3.2. Comparison of Stability in Operation of SOI-NW Chips and (h-k)-SOI-NW Chips

The time stability of the NW chips with native oxide (SOI-NW) was compared with that of the chips bearing a protective dielectric layer ((h-k)-SOI-NW). Figure 4 displays time stability of the signal from these chips upon their incubation in 1 mM potassium phosphate buffer (pH 7.4).

Figure 4

Comparison of typical I(t) dependencies obtained for (h-k)-SOI-NW chip (a) and for SOI-NW chip with native oxide (b). Numbers indicate curves obtained for different sensors. Experiment conditions: 1 mM potassium phosphate buffer (pH 7.4), V = −50 V, V = −0.2 V.

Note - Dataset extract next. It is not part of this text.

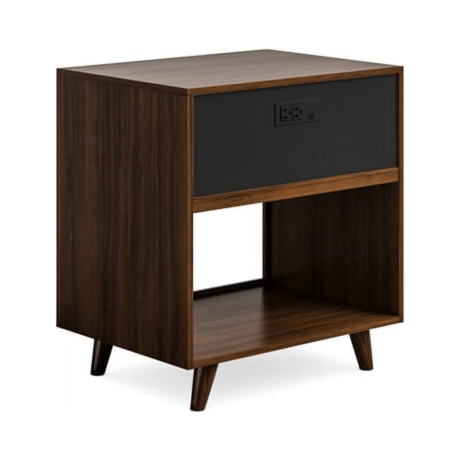 J & M Furniture 18772-NS 22.5 x 24 x 16 in. Travertine Night Stand, Dark Oak & Gray - Bronze Marble

The obtained results have demonstrated that in 1 mM potassium phosphate buffer the level of Ids signal from (h-k)-SOI-NW sensors has only altered by 10% during ~8 h experiment; that is, the time stability of these chips during the experiment was 90% (Figure 4a). The time stability of SOI-NW chips (coated with only native oxide) was significantly lower. These chips often exhibited the decrease in Ids by one to three orders of magnitude, or even a complete reduction of conductivity down to the noise level (~10−12 A) during the time interval required for the experiment (Figure 4b).

The results obtained allow us to conclude that the chips coated with h-k dielectrics exhibit better time stability upon their operation in NW biosensors. These chips are, therefore, preferable for use in experiments involving biological macromolecules.

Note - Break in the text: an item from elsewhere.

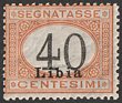 Libya: 1930 opt Postage Due 40c orange with value in BLACK (instead of red). VF fresh MLH, almost MUH, characteristic centring. SG D21a cat £7000. Sass S11A cat €10,000. Very rare genuine as only 1 sheet was discovered in 1930 in Benghazi. Exp Enzo Diena AIEP, plus 2025 Ceremuga photo cert. (P) |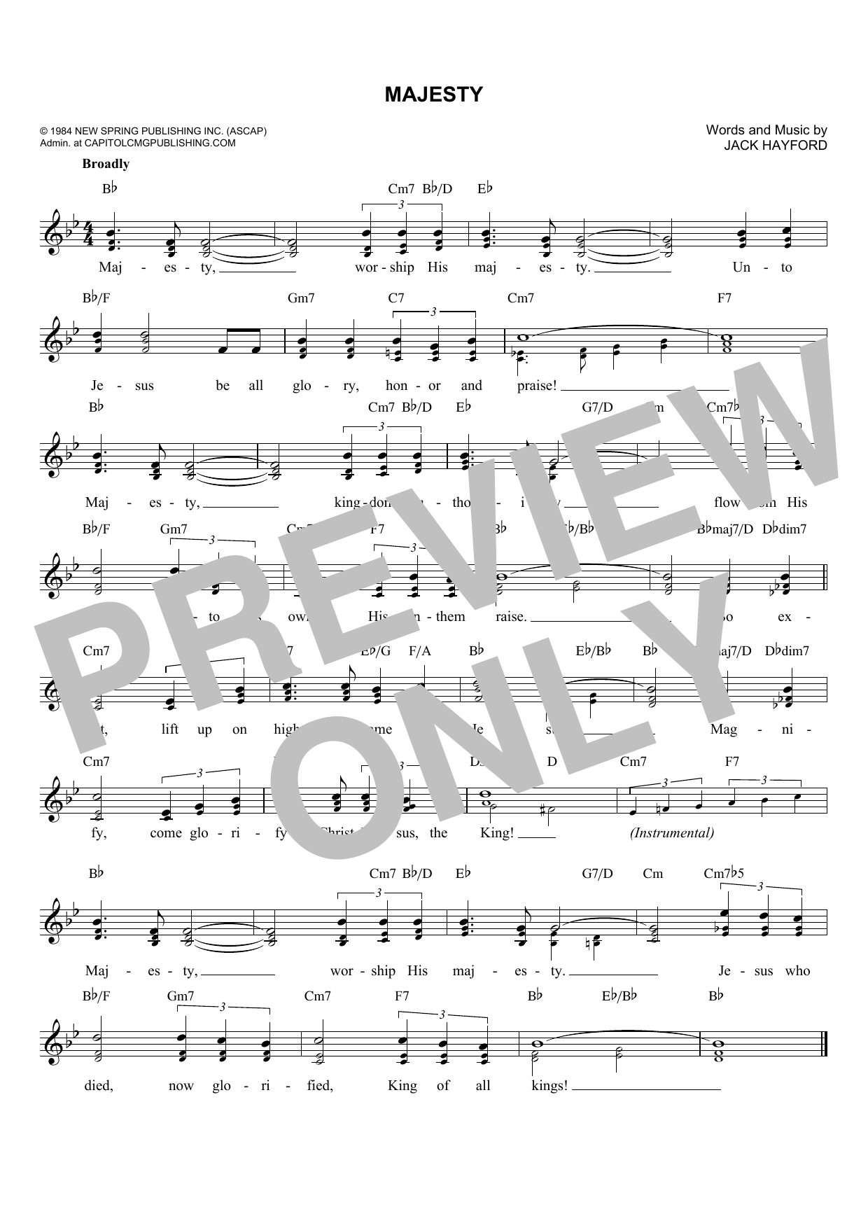 Download or print Jack Hayford Majesty sheet music, chords and digital score arranged for Clarinet Solo. This Sacred score includes 1 page(s).

After that, experiments on the detection of oDVA, which is a synthetic analogue of miRNA-21, with (h-k)-SOI-NW chips have been carried out.

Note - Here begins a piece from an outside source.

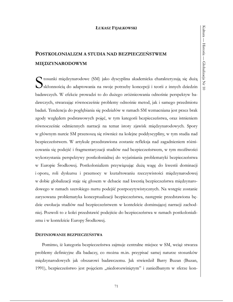 POSTKOLONIALIZM A STUDIA NAD BEZPIECZEŃSTWEM MIĘDZYNARODOWYM S tosunki międzynarodowe (SM) jako dyscyplina akademicka charakteryzują się duŜą skłonnością do adaptowania na swoje potrzeby koncepcji i teorii z innych dziedzin badawczych. W efekcie prowadzi to do duŜego zróŜnicowania odnośnie perspektyw badawczych, stwarzając równocześnie problemy odnośnie metod, jak i samego przedmiotu badań. Tendencja do pogłębiania się podziałów w ramach SM wzmacniana jest przez brak zgody względem podstawowych pojęć, w tym kategorii bezpieczeństwa, oraz istnieniem równocześnie odmiennych narracji na temat istoty zjawisk międzynarodowych. Spory w głównym nurcie SM przenoszą się równieŜ na kolejne poddyscypliny, w tym studia nad bezpieczeństwem. W artykule przedstawiona zostanie refleksja nad zagadnieniem róŜnicowania się podejść i fragmentaryzacji studiów nad bezpieczeństwem, w tym moŜliwości wykorzystania perspektywy postkolonialnej do wyjaśniania problematyki bezpieczeństwa w Europie Środkowej. Postkolonializm przywiązując duŜą wagę do kwestii dominacji i oporu, roli dyskursu i przemocy w kształtowaniu rzeczywistości międzynarodowej w dobie globalizacji staje się głosem w debacie nad kwestią bezpieczeństwa międzynarodowego w ramach szerokiego nurtu podejść postpozytywistycznych. Na wstępie zostanie zarysowana problematyka konceptualizacji bezpieczeństwa, następnie przedstawiona będzie ewolucja studiów nad bezpieczeństwem w kontekście dominującej narracji zachodniej. Pozwoli to z kolei przedstawić podejście do bezpieczeństwa w ramach postkolonializmu i w kontekście Europy Środkowej. DEFINIOWANIE BEZPIECZEŃSTWA Pomimo, iŜ kategoria bezpieczeństwa zajmuje centralne miejsce w SM, wciąŜ stwarza problemy definicyjne dla badaczy, co moŜna m.in. przypisać samej naturze stosunków międzynarodowych jak obszarowi badawczemu. Jak stwierdził Barry Buzan (Buzan, 1991), bezpieczeństwo jest pojęciem „niedorozwiniętym” i zaniedbanym w sferze kon- 71 Kultura — Historia — Globalizacja Nr 10 ŁUKASZ FIJAŁKOWSKI Łukasz Fijałkowski, Postkolonializm a studia nad bezpieczeństwem międzynarodowym cepcyjnej. Niemniej od lat 90. mamy do czynienia z licznymi próbami zredefiniowania bezpieczeństwa wykraczającymi poza wąskie militarne rozumienie tego pojęcia charakterystyczne dla okresu zimnowojennego. Pojawiły się w związku z tym opinie o kontestowaniu bezpieczeństwa, wraz z głosami „kontestującymi samo kontestowanie” (Baldwin, 1997, 10-12). W związku z tym David Baldwin określa bezpieczeństwo raczej jako pojęcie niedostatecznie wyjaśnione i będące obiektem ogólnego pomieszania pojęć. Wynika to choćby z faktu nie tyle szerokiej debaty na temat bezpieczeństwa, co ignorowania pewnych głosów w dyskusji (Baldwin, 1997, 11). PoniewaŜ bezpieczeństwo bezpośrednio dotyka kwestii egzystencjalnych (Zięba, 2008, 15), automatycznie zyskuje na znaczeniu a wszelkie zagroŜenia mogą przez to zostać uznane za egzystencjalne, co prowadzi do odwoływania się do pojęcia bezpieczeństwa (i pozwala m.in. na podejmowanie nadzwyczajnych działań). Stąd uwagę często poświęca się nie tyle samej kategorii, co zagroŜeniom i strategiom zapewnienia bezpieczeństwa. Tym samym pojęcie bezpieczeństwa jest uznawane za zdefiniowane a priori i nie wymagające powaŜniejszej dyskusji. Prowadzi to do przyjmowania definicji bezpieczeństwa, rozumianego jako brak zagroŜeń dla podstawowych wartości. Aby osiągnąć bezpieczeństwo, naleŜy skoncentrować się na wyeliminowaniu zagroŜeń lub ich powaŜnym zmniejszeniu. Szczególnie widoczne jest to w przypadku, gdy zagroŜenia są postrzegane przez pryzmat uŜycia siły. Tym samym głębsza refleksja na temat bezpieczeństwa zostaje podporządkowana strategiom zapewniania bezpieczeństwa. Uwzględniając koncentrację na środowisku międzynarodowym, zdefiniowanie bezpieczeństwa międzynarodowego nie jest zadaniem łatwym. Uznanie, iŜ bezpieczeństwo międzynarodowe to suma bezpieczeństwa narodowego poszczególnych państw plus coś więcej nadmiernie upraszcza sytuację (Mikiewicz, 2005, 32-40). Dodatkowo w obliczu narastającego kryzysu państwa jako podstawowego (lub w skrajnym ujęciu jedynego) podmiotu SM, koncentracja na bezpieczeństwie narodowym utoŜsamianym z bezpieczeństwem państwowym staje się obiektem krytyki. Propozycja, iŜ „bezpieczeństwo międzynarodowe oznacza w istocie stan braku zagroŜeń dla wartości wyznawanych przez elity władzy państw wchodzących w skład danego systemu międzynarodowego” (Mikiewicz, 2005, 39), świadomie zawęŜa podmiotowy obszar bezpieczeństwa, starając się nadać mu pewien zakres uŜyteczności. Jednocześnie obok bezpieczeństwa międzynarodowego pojawia się koncepcja bezpieczeństwa światowego lub globalnego, oraz ludzkiego, które pomimo róŜnych nazw w praktyce zajmują się odmiennymi wymiarami bezpieczeństwa, lecz nie 72 czy w zaleŜności od okoliczności, zabiegiem który pozwala na odpowiednie doprecyzowanie kategorii bezpieczeństwa jest jego kontekstualizacja. Pozwala ona na zachowanie ogólnej wyjściowej definicji, by następnie stworzyć moŜliwą do zastosowania w konkretnym przypadku definicję operacyjną (Williams, 2008, 5-10; Baldwin, 1997, 13-18). STUDIA NAD BEZPIECZEŃSTWEM Sposób dominującego pojmowania bezpieczeństwa moŜna uznać za bezpośrednio związany z ewolucją badań nad bezpieczeństwem i ich instytucjonalizacją (Buzan, Hansen, 2009). Podkreśla ona rolę zachodnich ośrodków i dominację dyskursu państwocentrycznego w tej kwestii. Od początku (tzn. rozpoczęcia zimnej wojny) doszło tutaj do istotnego zawęŜenia tematyki i koncentracji na czterech podstawowych kwestiach: państwie, studiach strategicznych, utrzymaniu status quo i kwestii naukowości (Williams, 2008, 3). Podstawową perspektywą analizy stał się poziom międzynarodowy, zdominowany przez rywaliza

3.3. Biospecific Detection of oDNA in Buffer

Figure 5 displays typical time dependencies of the current recorded before and after addition of the analyzed oDNA solutions (with concentrations from 3.3 × 10−17 M to 3.3 × 10−14 M) into the measuring cell of the biosensor. As seen from this figure, the expected increase in (h-k)-SOI-NW conductivity was observed due to adsorption of negatively charged target molecules onto the sensor surface. Also, the conductivity of (h-k)-SOI-NW decreased with decreasing the concentration of the added target molecules from 3.3 × 10−14 M to 3.3 × 10−17 M. The concentration detection limit of oDVA in the measuring cell was DL = 10−16 M. After the oDVA solution was replaced with pure buffer, no significant change in the signal level was observed; this indicates slow dissociation of the complexes formed on the sensor surface.

Figure 5

Typical ΔI(t) dependencies obtained upon detection of oDVA in buffer using (h-k)-SOI-NW sensors with immobilized oDNA probes. Experimental conditions: 1 mM potassium phosphate buffer (pH 7.4), V = −50 V, V = −0.2) V, total volume of solution in the cell 450 μL. Final concentrations of target oDVA in the measuring cell were 3.3 × 10−17 M (curve 1), 3.3 × 10−16 M (curve 2), 3.3 × 10−15 M (curve 3), 3.3 × 10−14 M (curve 4). Arrows indicate the addition of target oDNA solution (CS) and wash with buffer.

4. Conclusions

Micro-Raman spectroscopy has been employed for monitoring the quality of h-k dielectric protective layer deposition on to the surface of SOI-NW structures with p-type conductivity. These structures were subsequently used for the fabrication of sensor chips intended for the highly sensitive detection of biological macromolecules. According to UV Raman spectroscopy data, a high density of ultra-dispersed HfO2 nanocrystals (obtained after annealing at >400 °C) with sizes smaller than the h-k dielectric thickness (10 nm) hinders them from further growth at higher annealing temperatures, also providing stability of properties of the h-k dielectrics stack in chemically and biologically active media. The application of such (h-k)-SOI-NW-based biosensors for the label-free real-time detection of oDVA with 10−16 M concentration sensitivity has been experimentally demonstrated, and better time stability of these sensor chips (in comparison with SOI-NW structures with native oxide) has been demonstrated. Taking into account that such (h-k)-SOI-NW chips provide high (DL~10−16 M) sensitivity of detection of DNA oligonucleotide analogue of miRNA-21, their application for the detection of miRNAs, associated with the early stages of cancer pathologies, is promising.